In general an expression in ML may have a value and may also have an effect. For the most part in the first half of the semester we will consider expressions that have a value and not an effect, although there will be some notable exceptions such as declaring variables (including function declarations) and printing.
In ML just because an expression has legal syntax doesn't mean that it is
legal; the expression must also be well-typed. That is, it must use expressions
only in accordance with their types. We will look at what it means for an
expression to be well-typed in more detail over the coming weeks. In general, it
is useful to think of a type as a set of possible values (usually an infinite
set). For now, we will use several built-in types such as int
,
real
, bool
,
string
, char
but soon we will introduce user defined
types.
In recitation you've seen how to write simple expressions and declarations. For instance, a simple function declaration that computes the absolute value of a real number:
fun absval(r: real):real = if r < 0.0 then ~r else r
every expression and declaration in ML has both a type and
a value. When you type an expression or declaration into the SML
top-level, it will report both the type and the value of the expression.
If we type the definition of abs
at the ML prompt, it replies with
the following:
val absval = fn : real->real
which means that we have just bound the name absval
to a function
whose type is real->real
. That is, this function takes a
real number as an argument and returns a real number as a value.
The SML prompt evaluates whatever expression you enter in order to produce a value: an
expression that does not need any further evaluation. Declarations of variables
and functions are somewhat odd
expressions, in that we are using them for their effect rather than their value -
to modify the set of
accessible names and allow us to refer to a variable later on. This is
true of both val
and fun
expressions. They still
have a value, but we are not using it, we are using the effect - the change to
the namespace or memory system.
Running an ML program is just evaluating a (single) expression. This is quite different from an imperative program which is executing a sequence of commands. What happens when we evaluate an expression in ML? In an imperative (non-functional) language like Java, we sometimes imagine that there is an idea of a "current statement" that is executing. This isn't a very good model for ML; it is better to think of ML programs as being evaluated in the same way that you would evaluate a mathematical expression. For example, if you see an expression like (1+2)*3, you know that you first evaluate the subexpression 1+2, getting a new expression 3*3. Then you evaluate 3*3. ML evaluation works the same way. As each point in time, the ML evaluator takes the left-most expression that is not a value and rewrites (or reduces) it to some simpler expression. Eventually the whole expression is a value and then evaluation stops: the program is done. Or maybe the expression never reduces to a value, in which case you have an infinite loop. For instance in evaluating the expression (3+4)*5 we first reduce it to 7*5 and then to 35.

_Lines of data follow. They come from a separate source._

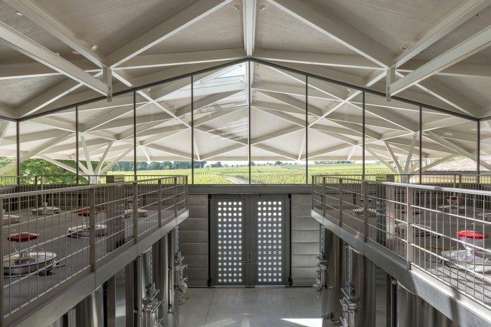 Like the grapes that grow on the land, the Nouveau Chai building stands over a square mile. 12 tree-like colons sprout from ground and bloom into a triangle roof. This is the visible new building in 200 years on the expansive estate.
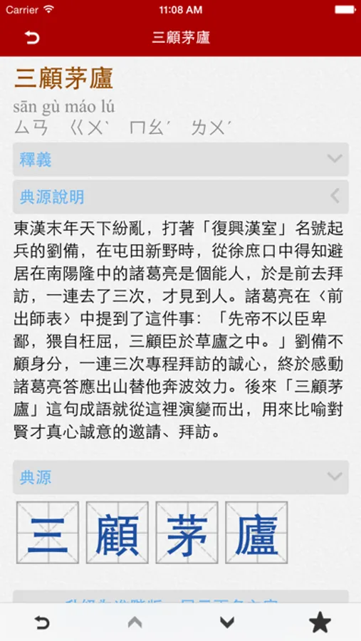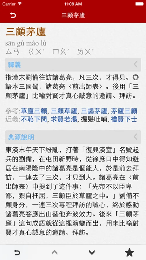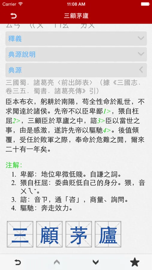 7. 可以升級到進階版,進階版含有典源說明、典源、書證、辨識、用法等更多內容。
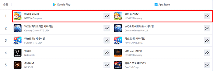 넥슨 신작 모바일 방치형 RPG '메이플 키우기'가 지난 11월 6일 글로벌 정식 출시 후 구글 플레이스토어와 애플 앱스토어 양대 마켓에서 매출 1위에 올랐다.

ML has a bunch of built-in rules for rewriting terms that go well beyond simple arithmetic. For example, consider the if expression. It has two important rewrite rules:
if true then e1 else e2 --> e1 if false then e1 else e2 --> e2
If the evaluator runs into an if expression, the first thing it does is try to reduce the conditional expression to either true or false. Then it evaluates the appropriate on of the two clauses. The value of the if-then-else expression is the value of the selected clause.
In contrast, in an imperative language, if-then-else is generally viewed as a control structure rather than an expression with a value. That is, unlike an if-then-else in an imperative language here it is an expression with a value, the value of the expression depends on the value of the first clause. Thus the types of e1 and e2 must be the same so that the expression can have a consistent type!
There are two more expressions (terms) above with rewrite rules. The let
expression works by first evaluating all of its bindings. Then those bindings
are substituted into the body of the let
expression (the expression in between in
...end
).
For example, here is an evaluation using let
:
let val x = 1+4 in x*3 --> let val x = 5 in x*3 --> 5*3 --> 15
Function calls are the most interesting case. When a function is called, ML
does a similar substitution: it substitutes the values passed as arguments into
the body of the function. For example, consider evaluating abs(2.0+1.0)
:
absval(2.0+1.0) --> absval(3.0) --> if 3.0 < 0.0 then ~3.0 else 3.0 --> if false then ~3.0 else 3.0 --> 3.0
This is a simple start on how to think about evaluation; we'll have much more to say about evaluation in a couple of lectures.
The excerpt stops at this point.